Thanks for the inevitably bulging mail bag of responses to my previous newsletters. Some very thoughtful engineers. And as per the suggestions, I am trying to add more engineering oriented musings. Three items today:
1. Amazing collection of free engineering software
I am always amazed by the incredible collection of engineering software programs available for free; sometimes as a result of (expensive) government sponsored research or genuinely altruistic engineers out there. We have been working on getting a list together and putting it all onto CD. If you have seen any useful programs which we can add, please email me by returning this message with your list of software programs and we will add this to the list. We will make this available on a complimentary CD or for download in early December as a Festive Season gift.

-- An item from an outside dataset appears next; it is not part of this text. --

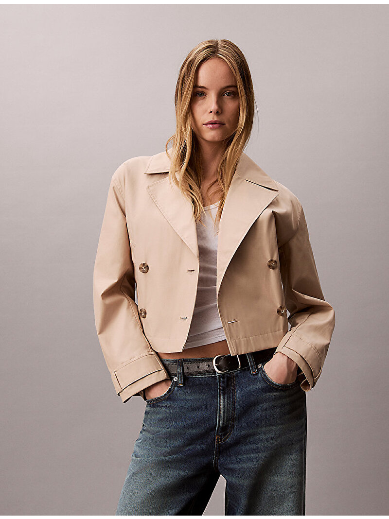 kadın kısa cotton trençkot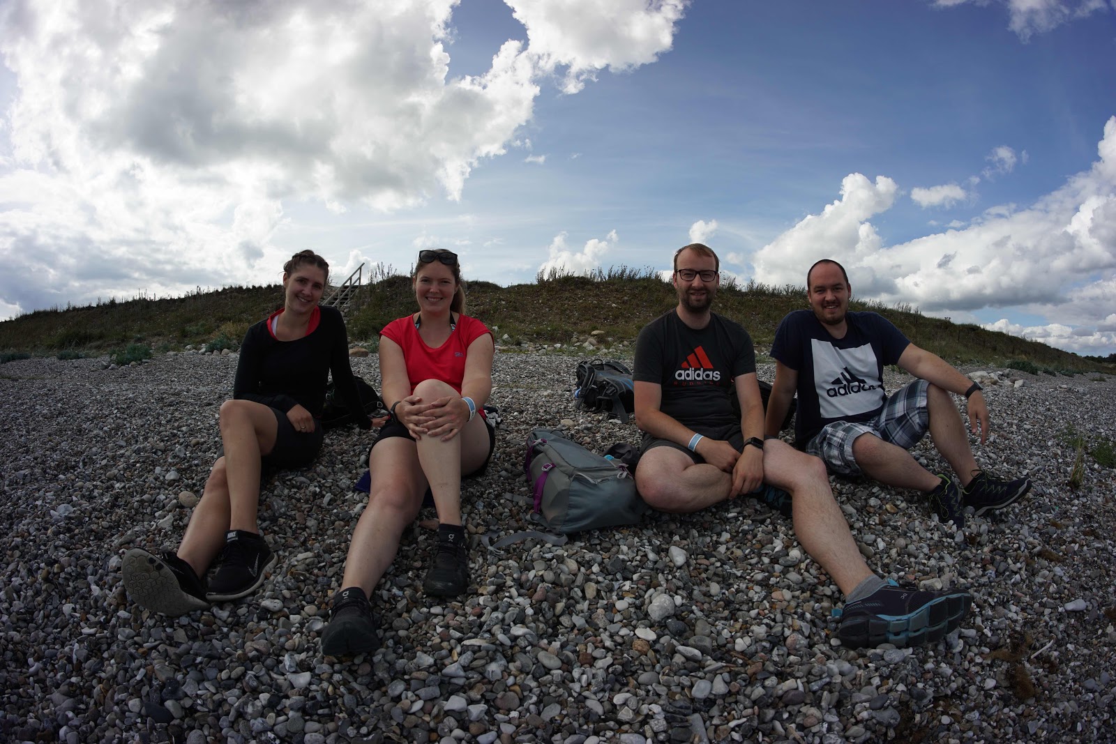 Dann ging es aber los. Bis zum Ziel sollten es 8 km sein. Erstmal durch die Stadt Ebeltoft und dann entlang der Straße. Es gab irgendwie keine Option durch den Wald, der uns auch zum Ziel gebracht hätte. Also liefen wir entlang der Straße(n) vorbei an schönen Getreidefeldern mit Mohn- und Kornblumen und Bäumen. Viel mehr Spannendes war leider nicht dabei unterwegs. Als wir am Ziel der Navigation angekommen waren, mussten wir feststellen, dass es dort keinen Weg zu Strand gab. Also musste der Navigator der Gruppe übernehmen und nach kurzer routinierter Recherche waren wir auf dem direkten Weg zum Strand. Allerdings nicht nach 8, sondern nach 9,6 km. (Sicht der Männer) Aus Frauensicht haben wir erkannt, dass es am Zielpunkt der Route nicht zum Meer hinab ging, kurz wurde auf Maps nachgesehen und ein neuer Weg zum Strand gefunden.

2. E-learning survey and paper
I have almost completed a short but readable paper summarising the main issues from the over 2500 responses from you guys on the e-learning survey for which I am very grateful. I will definitely get this out in the next two weeks. Some very interesting results on engineering training and skills shortages throughout the world.
3. Why nanotechnology is important to engineers
I always scratch my head when I hear about nanotechnology, of which I freely admit I know very little. Something tiny and presumably irrelevant. Tiny perhaps, but definitely going to make a massive impact on our lives over the next decade. Hence worth looking into. A nanometer (nm) is one billionth of a meter. A line of ten hydrogen atoms is 1 nm; whereas a human blood cell is 2,000 to 2,500 nm long. This technology can manipulate both matter and life at their most basic levels and lead to enormous breakthroughs. Developments in the field are accelerating with billions of dollars being spent on research in the area. It is a highly multidisciplinary field combining aspects of engineering, physics, chemistry, biology and IT; supporting my ongoing thesis of the need for all engineers to multi skill. Some pundits reckon it will have as great an impact on our lives as electricity, the car and computers combined. There have been some initial (perhaps trivial) examples of nanotechnology in terms of stain resistant clothing, superdurable bowling balls and transparent sunscreens.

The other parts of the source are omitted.